Vingt ans après la première initiative
antiatomique lancée dans le pays, une immense
majorité d'individus ne savent toujours pas ce
qu'est l'énergie nucléaire. On a, certes,
une opinion, mais on ignore tout du fonctionnement des
centrales et des effets réels des matériaux
radioactifs.
Or nous constatons quotidiennement que cette méconnaissance
englobe les autres domaines de l'énergie. La
Suisse est un petit pays dépourvu de matières
premières. Elle ne peut pas se permettre de se
tromper de politique énergétique. Or les
choix à venir devront s'appuyer sur un minimum
de faits clairement établis. Nous avons, dans
des proportions raisonnables, besoin de toutes les énergies.
Plus que jamais, la Fédération romande
pour l'énergie s'oppose à ceux qui veulent
fermer des portes. Elle le fait en informant. Nous allons
ouvrir un site Internet. Nous allons éditer des
feuilles d'information didactiques. Nous allons poursuivre
et accroître la diffusion de la lettre de l'énergie
qui est, nous avons la faiblesse de le croire, le seul
document qui informe en Suisse romande sur les coulisses,
sur les acteurs et sur les enjeux socioéconomiques
réels de la controverse énergétique
mondiale.
Nous sommes d'avis que l'énergie n'est pas un
produit comme un autre. A plus forte raison l'électricité,
qui est le système nerveux de tout Etat moderne.
La Suisse est confrontée à des choix lourds
de conséquence. Et la FRE entend bien prendre
une part active à la préparation de l'avenir.
Eclairage
"Nous n'avons pas peur
de l'avenir!"
Défense du progrès scientifique et technologique,
sauvegarde de leviers de commande en matière
d'approvisionnement: pour atteindre ce double objectif
prioritaire, la Fédération romande pour
l'énergie (FRE) change de visage et élit
un nouveau président. Patrick C. Léonard
succède à l'ancien conseiller national
Jean-Pierre Berger.
La FRE compte à ce jour douze associations régionales
qui totalisent plus de 2000 membres individuels et collectifs.

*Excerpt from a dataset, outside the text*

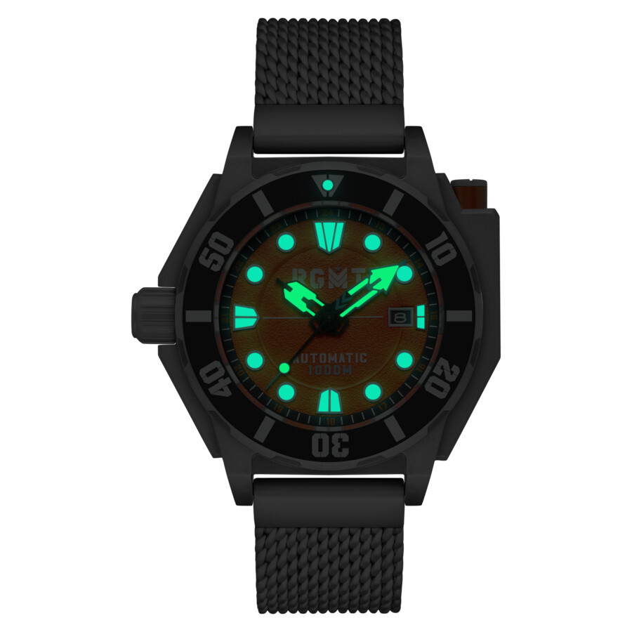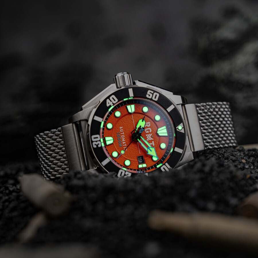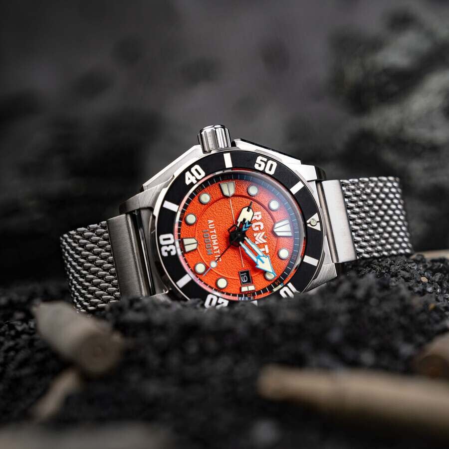 The Torpedo aims for performance. The case is marketd by its vertically aligned, automatically regulated helium release valve. Shaped and formed for deep dive performance the Torpedo is capable of 1000m of water resistance to serve in any condition on land or at speed beneath the waves. Silver-tone stainless steel case and bracelet. Bi-directional rotating black stainless steel bezel. Orange dial with black hands and Arabic numeral & index hour markers. Minute markers around the outer rim. Dial Type: Analog. Luminescent hands and markers. Date display at the 3 o'clock position. Seiko - NH35 automatic movement. Scratch resistant sapphire crystal. Screw down crown. Solid case back. Round case shape, case size: 51 mm, case thickness: 16 mm. Band width: 22 mm, band length: 8 inches. Fold over clasp. Water resistant at 100 meters / 330 feet. Functions: date, hour, minute, second. Torpedo Series. Casual watch style. RGMT Torpedo Orange Dial Men's Watch RG-8027-55.

Pour accroître son efficacité sur une scène,
énergétique en ébullition, cette
organisation est amenée à adapter ses
structures, son message et ses objectifs. La volonté
de rationaliser et de mieux cibler ses activités
se traduit par un nouveau visage.
La fédération perd son caractère
faîtier et devient une association simple avec
des membres individuels et collectifs. Quelques-unes
des douze associations régionales se sont d'emblée
fondues dans la nouvelle organisation. Les autres ont
décidé de poursuivre leur activité
propre, tout en demeurant membres de la fédération.
Le 12 novembre dernier, la fédération
a élu à sa tête Patrick C. Léonard,
ingénieur et adjoint au chef du département
d'électricité de l'EPFL. Le nouveau président
est entouré d'un comité et d'un bureau
comprenant notamment le conseiller aux Etats Eric Rochat,
le professeur EPFL Raymond Lafitte, la députée
vaudoise Odile Jaeger et l'économiste Guy-Philippe
Bolay.
Dans son propos introductif, M. Léonard a souligné
que la fédération était déterminée
à tenir son rôle dans les débats
actuels et futurs: "Nous n'avons pas peur de l'avenir.
Une part essentielle de l'essor de notre pays repose
sur le savoir-faire de ses écoles, de ses ingénieurs
et de ses techniciens".
L'illustration et la défense de cet acquis passe
par l'information, qui reste la principale mission de
l'association: "Or le débat énergétique
qui agite la scène politique helvétique
depuis plus de vingt ans n'a nullement conduit à
clarifier les choses", affirme M. Léonard.
"Nous sommes plus que jamais englués dans
une désinformation systématique".
A la nécessité de défendre le progrès
scientifique et d'informer de manière factuelle
sur les enjeux énergétiques s'ajoute un
troisième objectif: aider la Suisse à
conserver un minimum de pouvoirs et de leviers de commande
dans le domaine de l'approvisionnement énergétique.
"Pauvre en ressources propres, notre pays de doit
pas se tromper de politique énergétique",
affirme le nouveau président de la FRE.